#### GIVEN INFORMATION:
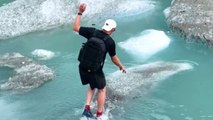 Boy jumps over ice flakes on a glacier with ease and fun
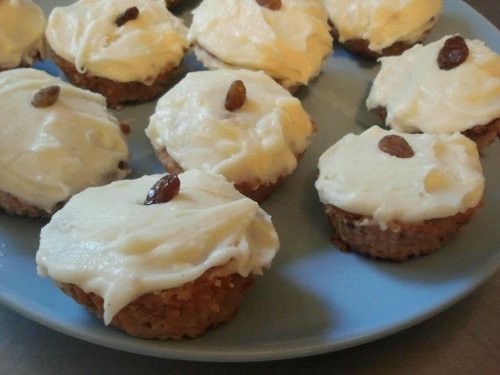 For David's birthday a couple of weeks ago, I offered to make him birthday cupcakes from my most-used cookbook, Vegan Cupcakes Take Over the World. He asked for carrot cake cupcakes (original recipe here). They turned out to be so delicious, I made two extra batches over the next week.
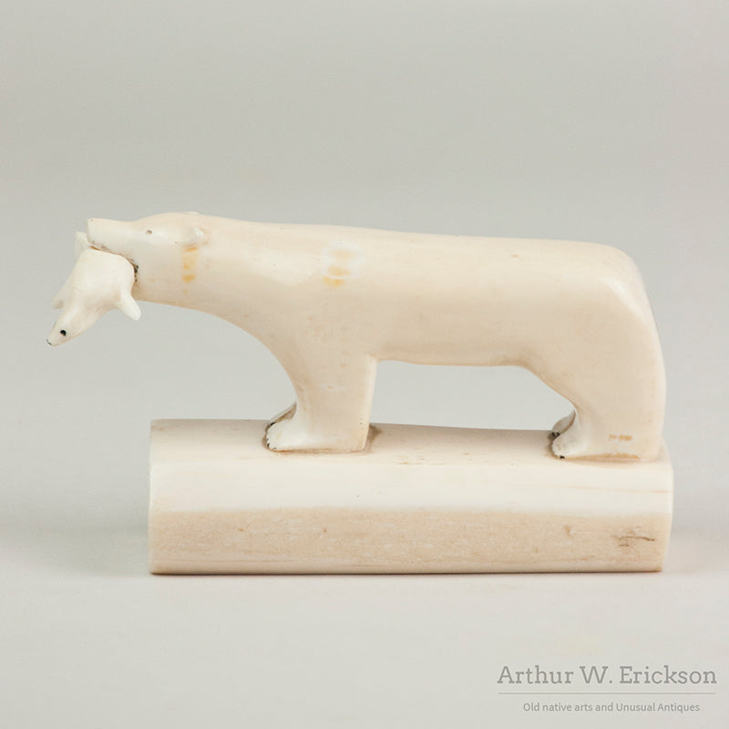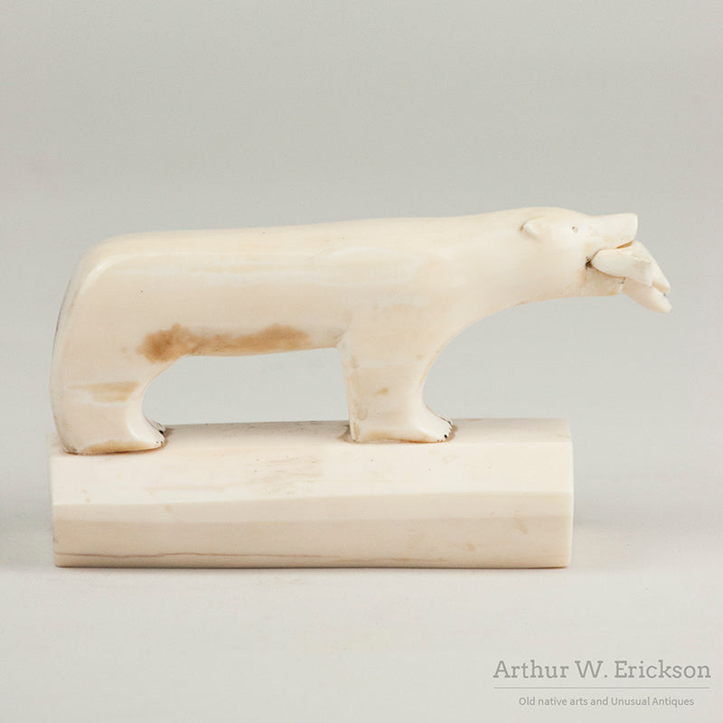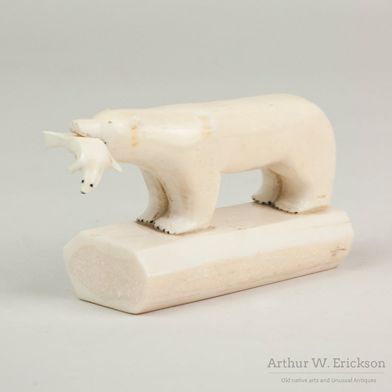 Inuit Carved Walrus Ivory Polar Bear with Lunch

#### WHAT YOU ARE ASKED TO DO:
Copy word for word each line of the data above, from the first through the one containing "For David's birthday", and include no pictures.

#### SOLUTION FOR THIS PROBLEM:
 Boy jumps over ice flakes on a glacier with ease and fun
 For David's birthday a couple of weeks ago, I offered to make him birthday cupcakes from my most-used cookbook, Vegan Cupcakes Take Over the World. He asked for carrot cake cupcakes (original recipe here). They turned out to be so delicious, I made two extra batches over the next week.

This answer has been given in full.